Cette spécialité est loin d'être proposée dans tout les lycées.
Le sujet 0 de première, sachant que cette épreuve de première est pour les élèves qui arrêtent la spécialité en première et se veut donc beaucoup plus simple que l'épreuve de term:
https://cache.media.eduscol.education.fr/file/Annales_zero_BAC_2021_1e/87/9/S0BAC21-1e-SPE-NSI_1133879.pdf
Pour revenir sur le fond de l'article, et donc la question de l'interface utilisateur dans l'enseignement de la programmation avec Python, l'éducation nationale a déjà fait un choix fort à ce niveau, avec une vision proche de la programmation fonctionnelle.
L'idée est de passer par un éditeur de texte intégrant une console python (repl.it est un bon exemple) ou par des jupyter notebooks, et de passer systématiquement par l'usage de fonction.
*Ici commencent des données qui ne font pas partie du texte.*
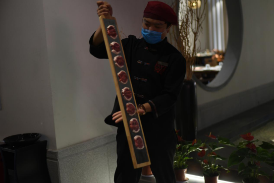 3、新鮮現(xiàn)切,所有鮮肉保證冷鏈運輸,最大極限保證肉質(zhì)的新鮮。明檔現(xiàn)切,新鮮看得見。置于盤上,任性翻轉(zhuǎn)不脫落。
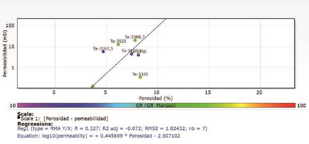 Figura 15 Gráfico cruzado de permeabilidad vs porosidad para el Ciclo 8. El color de cada punto representa su valor en el registro de gamma ray.

Pour schématiser l'élève écrit ses fonctions côtés éditeurs, et il les appelle côté console.
Le but est de séparer au maximum et dès le départ la partie logique, de la partie interface.
La partie interface n'est d'ailleurs pas du tout abordée en maths, elle le sera uniquement en NSI. Mais comme NSI propose du web, les élèves devraient pouvoir créer (en étant pas mal guidé), leur propre interface lors des projets.
De plus, un des but de cet enseignement est de bien séparer HTML et Javascript, front-end et back-end. Introduire Python avec une interface web risque d'amener des confusion à ce niveau.